To ensure code in this tutorial runs as shown, download the tutorial project folder and follow these instructions.

If you have questions or suggestions about this tutorial, please open an issue here.

Generating dummy data

Let's start by generating some dummy data with both numerical values and categorical values:

using MLJ
using PrettyPrinting

KNNRegressor = @load KNNRegressor
# input
X = (age    = [23, 45, 34, 25, 67],
     gender = categorical(['m', 'm', 'f', 'm', 'f']))
# target
height = [178, 194, 165, 173, 168];
import NearestNeighborModels ✔

Note that the scientific type of age is Count here:

scitype(X.age)
AbstractVector{Count} (alias for AbstractArray{ScientificTypesBase.Count, 1})

We will want to coerce that to Continuous so that it can be given to a regressor that expects such values.

Declaring a pipeline

A typical workflow for such data is to one-hot-encode the categorical data and then apply some regression model on the data. Let's say that we want to apply the following steps:

  1. One hot encode the categorical features in X

  2. Standardize the target variable (:height)

  3. Train a KNN regression model on the one hot encoded data and the Standardized target.

The Pipeline constructor helps you define such a simple (non-branching) pipeline of steps to be applied in order:

pipe = Pipeline(
    coercer = X -> coerce(X, :age=>Continuous),
    one_hot_encoder = OneHotEncoder(),
    transformed_target_model = TransformedTargetModel(
        model = KNNRegressor(K=3);
        target=UnivariateStandardizer()
    )
)
DeterministicPipeline(
    coercer = var"#1#2"(),
    one_hot_encoder = OneHotEncoder(
            features = Symbol[],
            drop_last = false,
            ordered_factor = true,
            ignore = false),
    transformed_target_model = TransformedTargetModelDeterministic(
            model = KNNRegressor,
            target = UnivariateStandardizer,
            inverse = nothing,
            cache = true),
    cache = true)

Note the coercion of the :age variable to Continuous since KNNRegressor expects Continuous input. Note also the TransformedTargetModel which allows one to learn a transformation (in this case Standardization) of the target variable to be passed to the KNNRegressor.

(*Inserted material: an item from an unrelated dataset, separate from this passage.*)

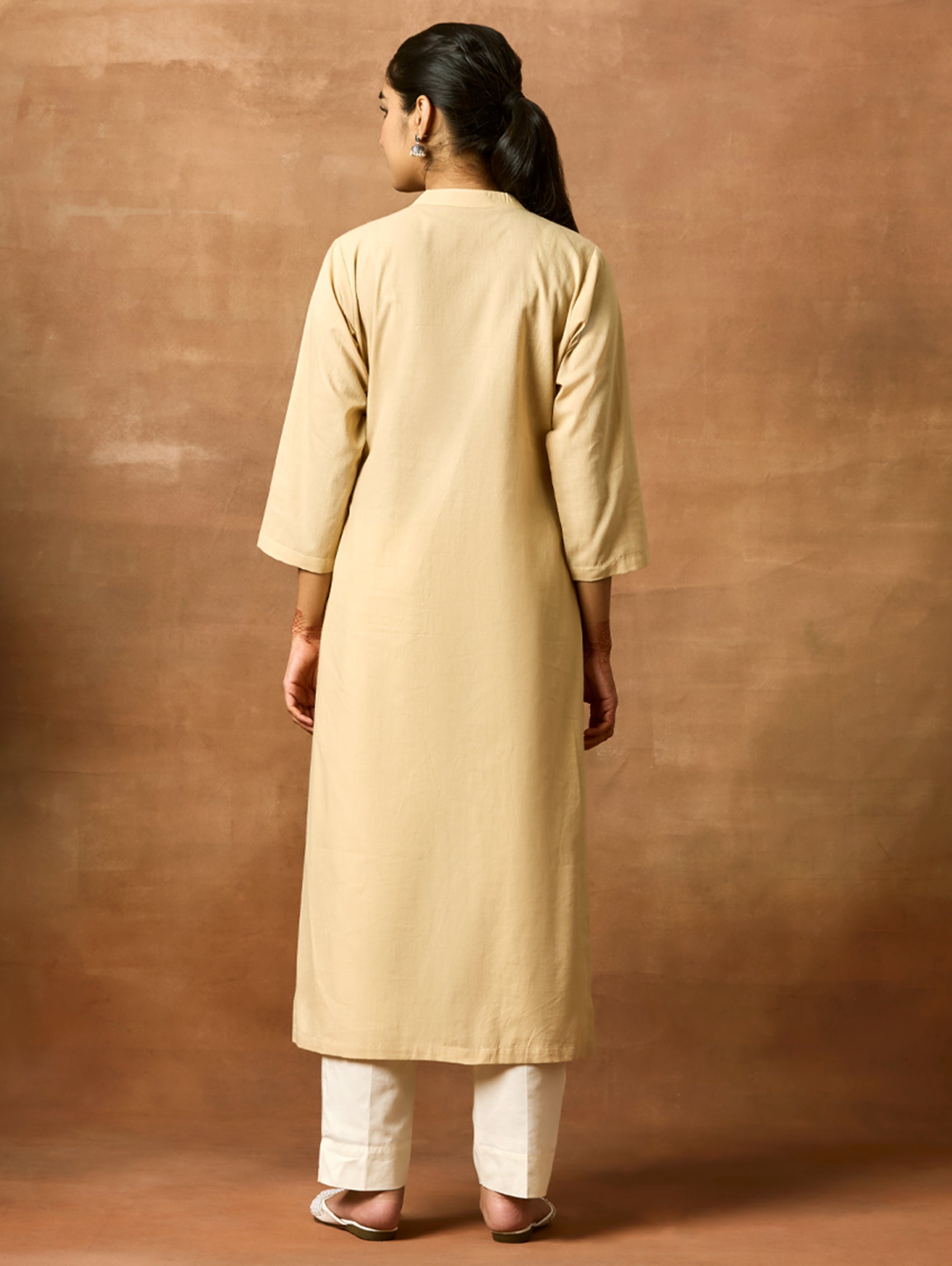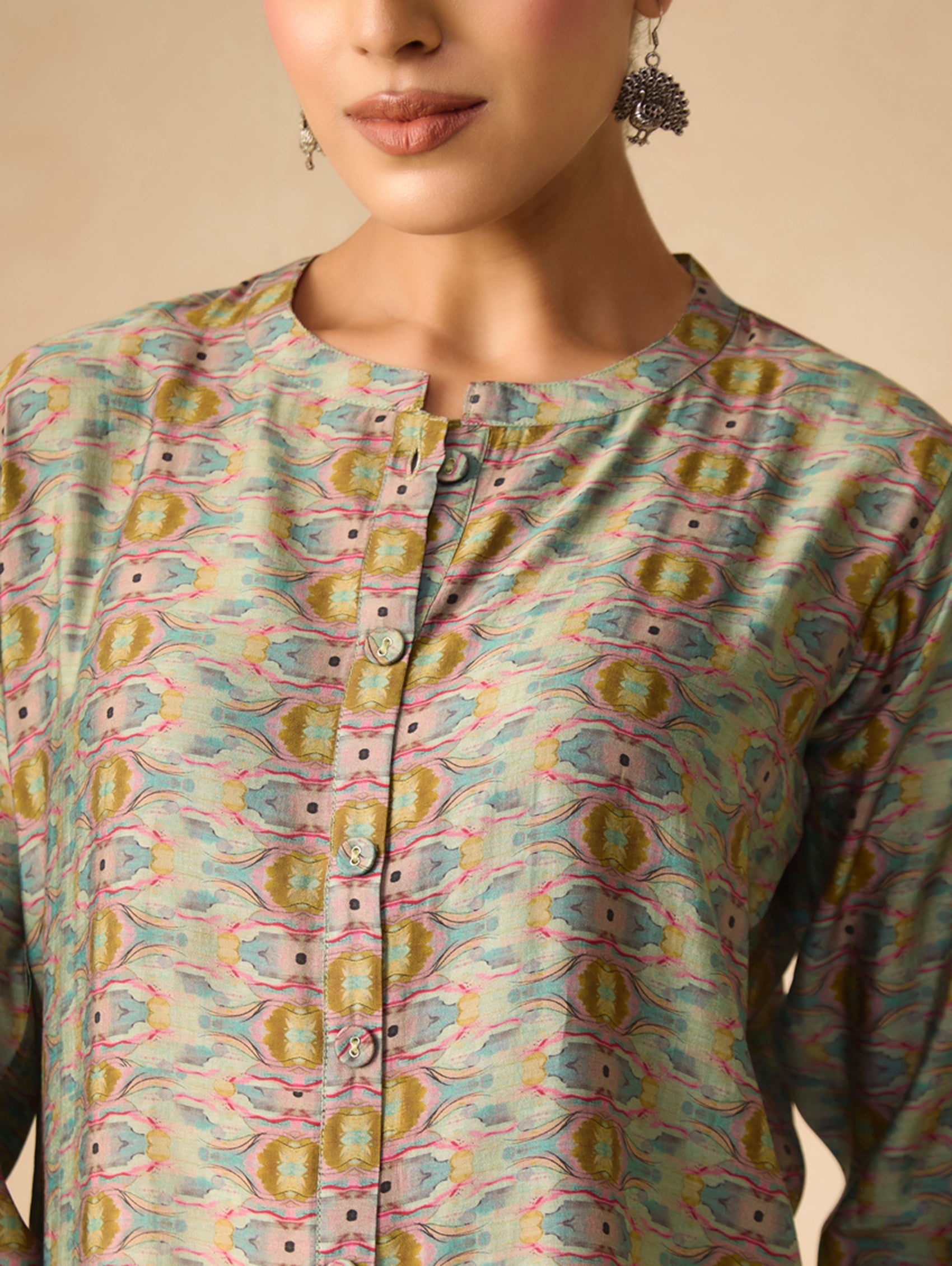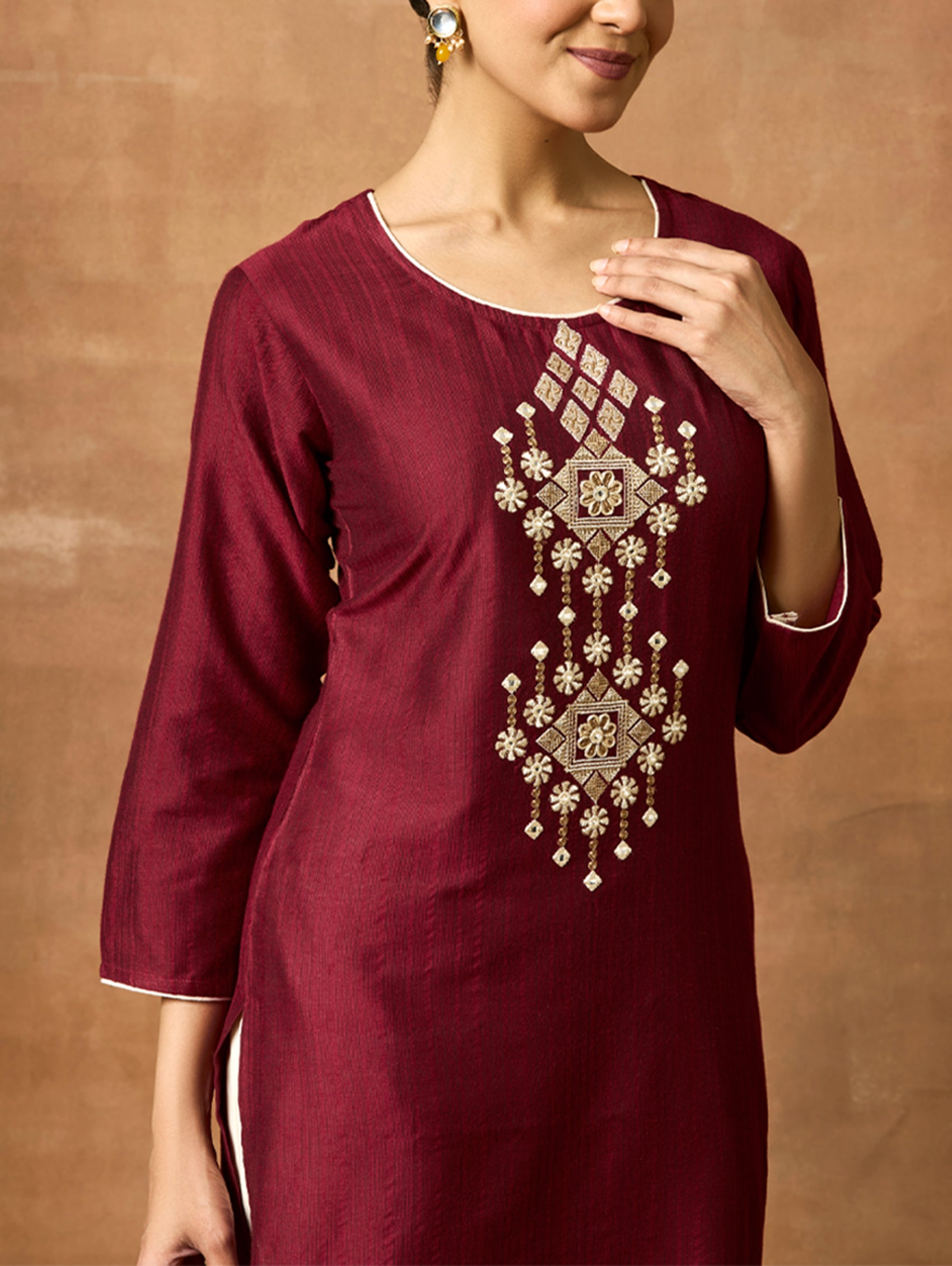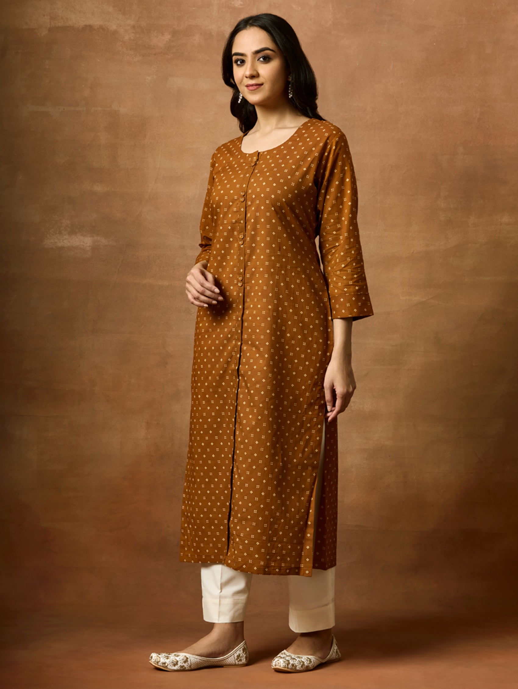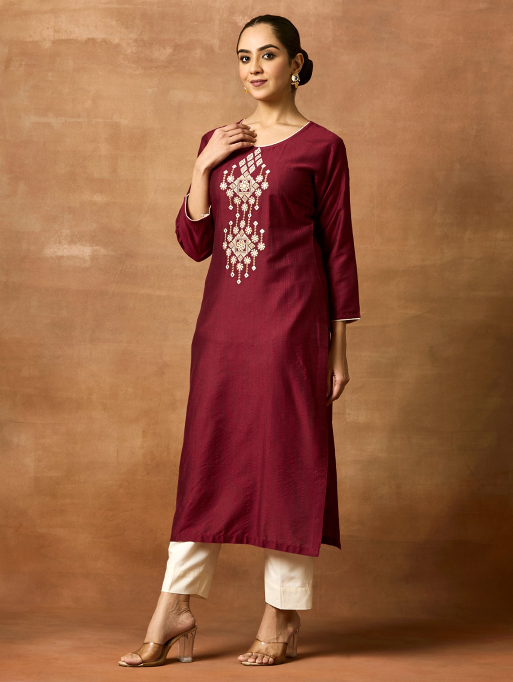 • Short Kurti with mandarin collar, three-fourth sleeves, and side slits open

Hyperparameters of this pipeline can be accessed (and set) using dot syntax:

pipe.transformed_target_model.model.K = 2
pipe.one_hot_encoder.drop_last = true;

Evaluation for a pipe can be done with the evaluate! method; implicitly it will construct machines that will contain the fitted parameters etc:

evaluate(
    pipe,
    X,
    height,
    resampling=Holdout(),
    measure=rms
) |> pprint
PerformanceEvaluation(11.5,)